6. You see how to the Jews and to all unbelievers, the commandments of God are a stumbling block. All outward conformity to them is useless and ruinous. Love without faith is impossible. And consequently, the merciful directions and instructions contained in the dos and don'ts of the Bible are made the food of self-righteousness and the snare of death. But to those whose souls are full of faith and love, the commandments of God are just the instruction which they need when, in their ignorance, they earnestly inquire what they shall do to glorify God. "Do this and avoid that," and the like, are just the things upon which hearts of love will seize as the needed directions of their Heavenly Father.

7. But someone may inquire, "Do not men learn to exercise faith by what you call legal efforts and an obedience to the legal directions?" No. They only learn by experience that all such directions are vain, and that they are totally depraved and dependent, which they ought to have believed before. They set themselves to pray and read and struggle, expecting at every meeting they attend, with every prayer they make, to obtain grace and faith. But they never do until they are completely discouraged and despair of obtaining help in this way. And the history of every self-righteous sinner's conversion and every anxious Christian's sanctification would develop this truth: that deliverance does not come until their self-righteous efforts are proved by their own experience to be utterly vain, and abandoned as useless - and the whole subject thrown upon the sovereign mercy of God. This submitting a subject to the sovereign mercy of God is that very act of faith which they should have put forth long before, but which they would not exercise until every other means had been tried in vain!

8. But perhaps you will say, "If by this self-righteous struggle they learn their depravity and dependence, and in this matter come to prove by their own experience the truth of God, why not encourage them to make these efforts as at least an indirect way of obtaining faith?" Answer: Blasphemy and drunkenness and any of the most shocking sins may be, and often have been, the means of working conviction which has resulted in conversion. Why not encourage these things to possibly bring about ultimate salvation for some?

The truth is, when a sinner's attention is awakened and he is convicted and puts forth the inquiry, "What shall I do?" and when a Christian, struggling with his remaining corruption, puts forth this same inquiry, why should they be thrown into the horrible pit of which I have spoken? Why not tell them at once, in the language of the text, "This is the work of God, that you believe in Him whom He has sent"? (John 6:29)

9. Let me say to you who would make the inquiry, "How can I overcome sin?" don't wait to fast, read, pray, or anything else - don't expect to break off from any sin in your unbelief! You may break off from the outward commission - you may substitute praying for swearing, reading your Bible for reading magazines, outward employment and honesty for theft and idleness, soberness for drunkenness, and anything you please - but this, without faith, is after all, only exchanging one form of sin for another - it is only varying the mode of your rebellion towards God. For remember that in unbelief, whatever your conduct is, you are still in rebellion against God. Faith would instantly sanctify your heart, sanctify all your doings, and render them in Christ Jesus, acceptable to God.

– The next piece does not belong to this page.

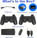 【2 Wireless Controllers】With 2 PCS 2.4GHz wireless controller adapters, the connection is stable and almost zero latency, the maximum connection distance is 32.8 ft. The Video Game Console supports 2 people to play games at the same time, avoiding the interference of wires while gaming. (2 wireless controllers need to install 4 AAA batteries, not included in package).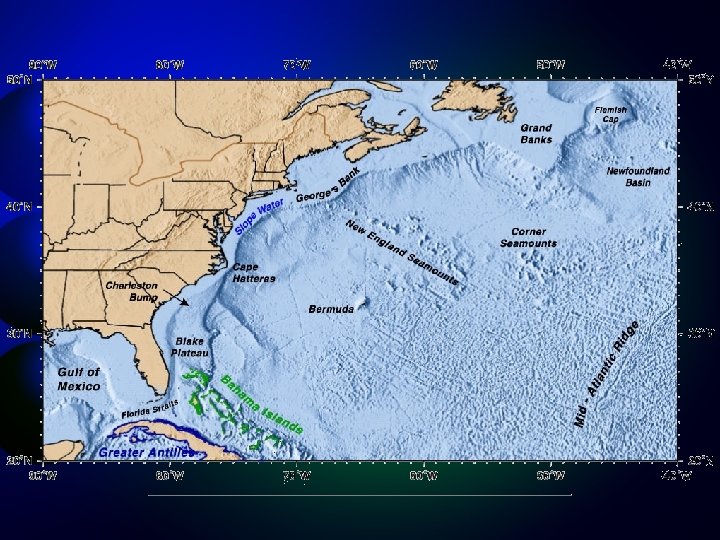Ocean Deeps Averages Pacific 14, 000 ft Atlantic 12, 900 ft Indian 12, 700 ft Southern 12, 000 ft Arctic 4, 300 ft Overall Average Depth: 2. 33 miles

My dear friend, you inquire whether you shall obtain holiness by reading the Bible, or by prayer, fasting, or by all these together. Now let this sermon answer you and know that by neither nor by all of these, in the absence of faith, are you to grow any better or find any relief. You speak of being in darkness and of being discouraged. No wonder you are so, since you have plainly been seeking sanctification by outward works. You have "stumbled over the stumbling stone." (Rom. 9:32) You are in that pit of miry clay. Immediately exercise faith upon the Son of God! It is the first, the only thing you can do to rest your feet upon the Rock - and it will immediately put a new song into your mouth!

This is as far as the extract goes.